Background: Histopathologically, progressive cardiac conduction disease (PCCD) is characterized by progressive fibrosis and sclerodegenerative changes in the proximal and distal conduction system of the heart. Therefore, we sought to determine the serum levels of myocardial collagen turnover markers, extracellular matrix components, transforming growth factor beta(1) (TGFbeta(1)), and bone morphogenic protein-7 (BMP-7) in this population.
Methods: Study population included 20 patients (6 M/14 F, mean age 76 +/- 8 years) with acquired, permanent 2:1, or complete atrioventricular block and compared with age- and sex-matched, asymptomatic, healthy control subjects (n = 18, 6 M/12 F, mean age 75 +/- 7 years). Serum myocardial collagen turnover markers:matrix metalloproteinases (MMP-1, 2, 9), tissue inhibitor of matrix metalloproteinase (TIMP-1), amino-terminal propeptide of procollagen type I (PINP) and type III (PIIINP), carboxy-terminal telopeptide of collagen type I (CITP), and carboxy-terminal propeptide of procollagen type I (PICP), serum extracellular matrix components (laminin and fibronectin), TGFbeta(1), and BMP-7 levels were measured in both groups.
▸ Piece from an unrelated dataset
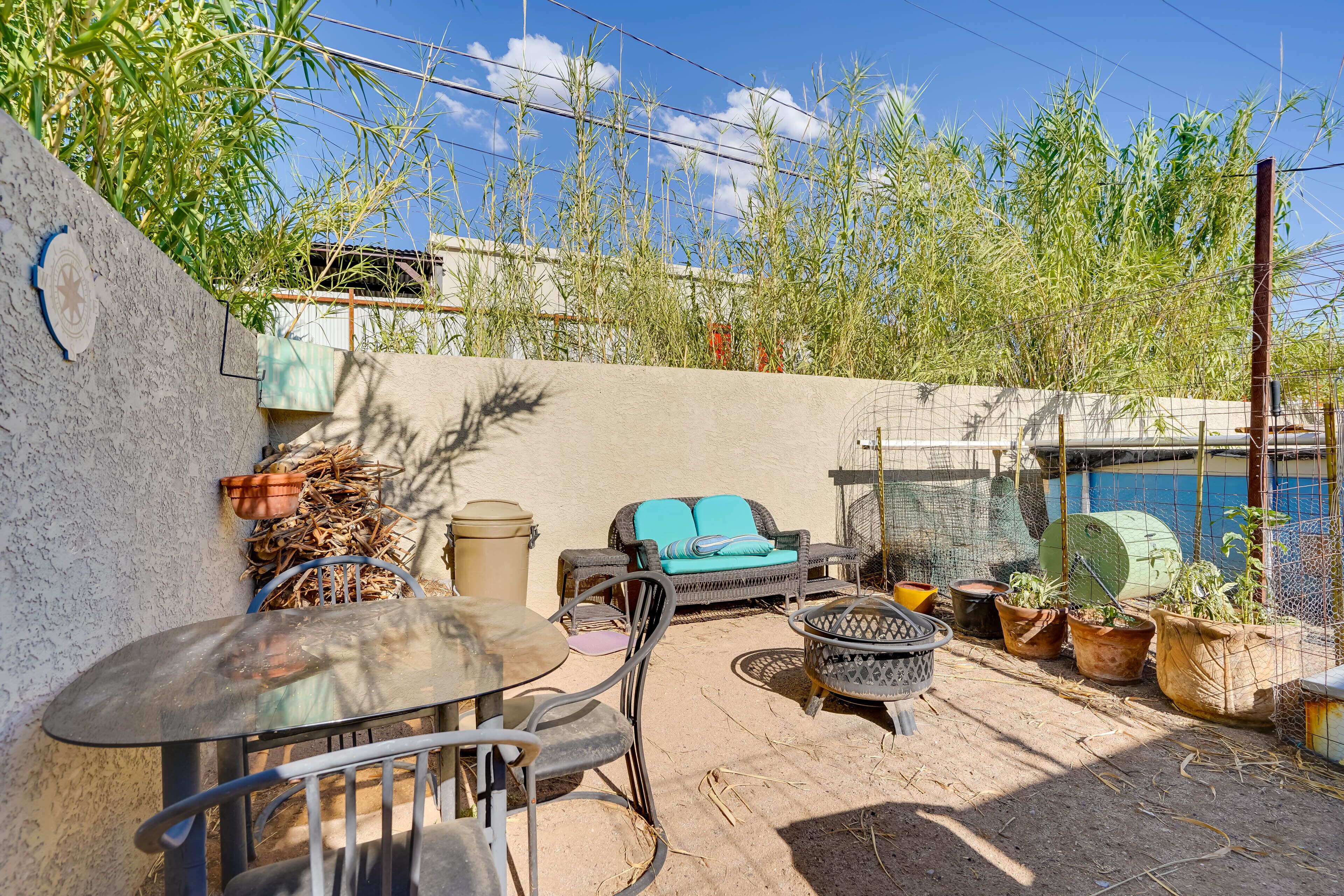 Savor Tucson's spectacular weather on the spacious rear patio, furnished with comfortable seating and surrounded by local flora. Enjoy alfresco dining, birdwatching, or simply relaxing with your morning coffee as butterflies flit about the small yard.

Results: Serum PICP (849 +/- 396 vs 631 +/- 294 ng/mL, P = 0.04), PIIINP (3.7 +/- 1.3 vs 3 +/- 1 mug/L, P = 0.03), CITP (0.68 +/- 0.35 vs 0.48 +/- 0.25 ng/mL, P = 0.037), and plasma MMP-9 (58.8 +/- 56 vs 25.9 +/- 17.3 ng/mL, P = 0.006) levels were higher in patient population compared to control subjects. Serum MMP-1 (24.1 +/- 20.5 vs 13.6 +/- 7.5 ng/mL, P = 0.045) and MMP-2 (1310 +/- 139 vs 1186 +/- 163 ng/mL, P = 0.01) levels were higher in control subjects compared to patient population. There was no difference in serum TIMP-1, PINP, laminin, fibronectin, TGFbeta(1), and BMP-7 levels between two groups.
Conclusion: Our findings demonstrate the presence of increased myocardial collagen turnover and active fibrotic process in patients with PCCD compared to control subjects.